I'm looking at the trilinear example in this Wikipedia article. I would like to translate this example to the case $f:R\times R\times R\rightarrow R$, where $R$ is the real number line. The basis vector set for each vector space $R^1=R$ is $\{\textbf{e}\}=\{(1)\}$. The article seems to claim that for any $\textbf{a}=(a),\textbf{b}=(b),\textbf{c}=(c)\in R^1$, $f(\textbf{a},\textbf{b},\textbf{c})=f(a,b,c)$ can be expressed in the form $abc\times f(\textbf{e},\textbf{e},\textbf{e})=abc\times f(1,1,1)$.
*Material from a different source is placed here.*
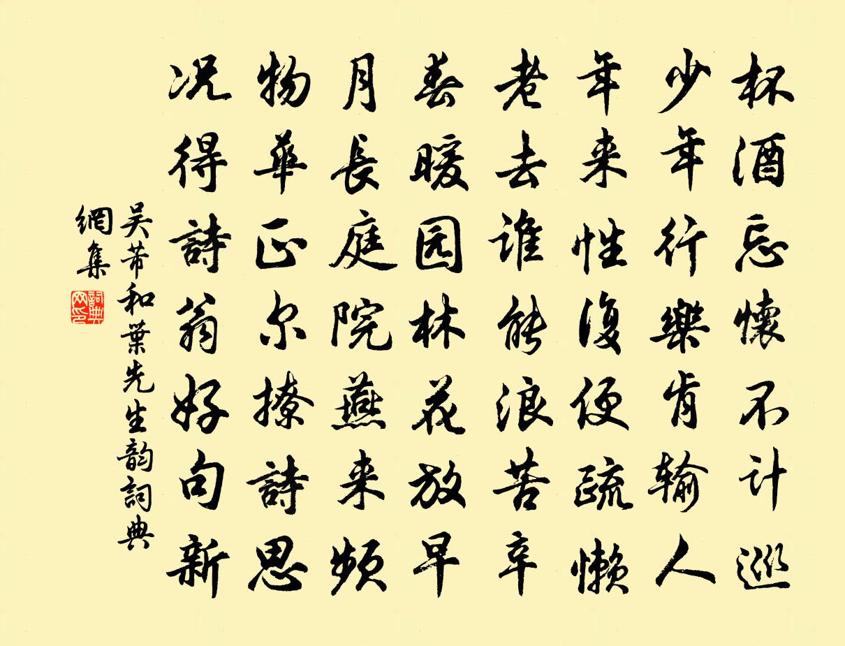 詩詞名句歷史字典書法欣賞書法字典國語詞典說文解字康熙字典古漢語字典標 題 作 者 詩 句 和葉先生韻作者:吳芾 朝代:宋代和葉先生韻原文杯酒忘懷不計巡,少年行樂肯輸人。年來性復便疏懶,老去誰能浪苦辛。春暖園林花放早,月長庭院燕來頻。物華正爾撩詩思,況得詩翁好句新。詩詞問答問:和葉先生韻的作者是誰?答:吳芾問:和葉先生韻寫於哪個朝代?答:宋代吳芾和葉先生韻書法欣賞和葉先生韻書法作品詩詞推薦七歌效杜陵體丘葵〔宋代〕我生辰逢亂離,四方蹙蹙何所之。欲登山兮有虎豹,欲入海兮有蛟螭。歸來歸來磨兜堅,毋與蛟斗兮毋充虎飢。嗚良鄉范成大〔宋代〕新寒凍指似排簽,村酒雖酸未可嫌。紫爛山梨紅皺棗,總輸易栗十分甜。送明老游雁盪五首吳芾〔宋代〕方欣林下共談禪,底事深公挽出山。千里同風無道俗,何妨一笑便言還。竹溪直院盛稱起予草堂詩之善暇日覽之多有可劉克莊〔宋代〕治化無深淺,要諸久始知。遺民它日淚,太傅向來碑。反袂緣何事,輕裘若在時。勛名一片石,尸祝百年思。不比菩薩蠻 舟次青神李齊賢〔元代〕長江日落煙波綠。移舟漸近青山曲。隔竹一燈明。隨風百丈輕。夜深篷底宿。暗浪鳴琴築。夢與白鷗盟。朝來莫漫滿江紅·金陵懷古薩都剌〔元代〕六代豪華,春去也、更無訊息。空悵望,山川形勝,已非疇昔。王謝堂前雙燕子,烏衣巷口曾相識。聽夜深、寂寞暮雨梅堯臣〔宋代〕水上魚,吹白露。山頭雲,與龍附。潭中水作潭中雨,朱鱉飛過吳洲去。鯉魚相隨不知數,老蛤銜泥在深處。東帥張傳之遣人來相致將以七言次韻答之三首李壁〔宋代〕閬風當日奉清樽,猶記銀鉤酒七言。別去淒涼渾一夢,只今疎懶且衡門。已非絕足那希驥,自比游塵或佐鯤。珍重洞仙歌 辛巳歲燕城初度張翥〔元代〕功名利達,任紛紛奔競。縱使得來也僥倖。老眼看多時,鐘鼎山林,須信道、造物安排有命。人生行樂耳,對月臨書事寄呈斯遠趙蕃〔宋代〕路熟疑為短,馬遲翻更長。野田吹欲合,林日凍無光。未暇親書案,頻成喚酒觴。短檠今夕念,我友正相望。頌古十六首釋明辯〔宋代〕黃金鑿,白玉椎。開開混沌竅,透出玄出機。和渙之深秋月夜書事狄遵度〔宋代〕洞庭葉下涼颼颼,凍天頑白凝不流。圓月擬缺不忍缺,輕露欲浮終未浮。憶吹朱籟鳳軿上,更采紫芝雲嶠陬。玉樓送熊主簿劉克莊〔宋代〕邑事多商榷,惟詩未暇論。母慈催扇枕,父老謾攀轅。新戌謀何地,初程宿某村。西風有來雁,書札儻相存。柳絮二絕洪咨夔〔宋代〕風標清白難諧俗,氣候中和易得朋。招不肯來麾不去,若無才思渠應能。題安州浮雲寺樓寄湖州張郎中杜牧〔唐代〕去夏疏雨餘,同倚朱闌語。當時樓下水,今日到何處。恨如春草多,事與孤鴻去。楚岸柳何窮,別愁紛若絮。夢遊洛中十首蔡襄〔宋代〕名花百種結春芳,天與穠華更與香。每憶月陂隄下路,便開圖畫覓姚黃。正仲入鄞敘懷送別二首1舒岳祥〔宋代〕遇事無心心自放,如今心事放尤難。酒開愁緒湯澆雪,書潤枯腸火養丹。欹枕啼鴉分曉色,把杯歸雁破春寒。君來春晚客懷 其七王冕〔元代〕賈誼治安策,虛勞瀆聖明。人民正凋瘵,豺虎恣縱橫。白水沈南國,青山沒上京。吾儒無可奈,老淚向天傾。送袁偁盧綸〔唐代〕諫獵名空久,多因病與貧。買書行幾市,帶雨別何人。客路山連水,軍州日映塵。淒涼一分手,俱恨老相親。遊春台詩春台仙〔唐代〕玉幢亘碧虛,此乃真人居。裴回仍未進,邪省猶難除。日落煙水黯,驪珠色豈昏。寒光射萬里,霜縞遍千門。玉魄名句推薦酒盈杯,書滿架,名利不將心掛。李珣《漁歌子·荻花秋》 不以規矩,不能成方圓孟子《孟子·離婁章句上·第一節》 出塞入塞寒,處處黃蘆草。王昌齡《塞下曲四首》 而浮生若夢,為歡幾何?李白《春夜宴桃李園序 / 春夜宴從弟桃花園序》 烏絲闌紙嬌紅篆,歷歷春星。納蘭性德《紅窗月·燕歸花謝》 夜聽胡笳折楊柳,教人意氣憶長安。王翰《涼州詞二首》 兒童相見不相識,笑問客從何處來。賀知章《回鄉偶書二首·其一》 善惡同,則功臣倦。黃石公《三略·上略》 止戈為武。左丘明《左傳·宣公·宣公十二年》 有美一人,清揚婉兮。佚名《野有蔓草》
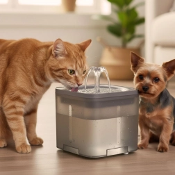 Samodejna fontana za pse in mačke podpira redno pitje in boljšo hidracijo. Zahvaljujoč kroženju vode in aktivni filtraciji je voda vedno sveža in okusna. Tih tek okoli 40 dB ne moti gospodinjstva niti občutljivih živali.

Suppose the multilinear function is $f(x,y,z)=xy+z$. Then $f(2,3,4)=10$. Also, $f(\textbf{e},\textbf{e},\textbf{e})=f(1,1,1)=2$. So according to the article, the answer to $f(2,3,4)$ should be $2\times 3\times 4\times f(1,1,1)=24\times 2 = 48$. But $48$ is incorrect because $48\neq 10$. So I must have incorrectly translated the formula. What is the correct translation?
$f$ is a multilinear polynomial, but not a multilinear map. While both must form a straight line in each variable when all others are held constant, a multilinear map must additional obey the linearity homomorphism.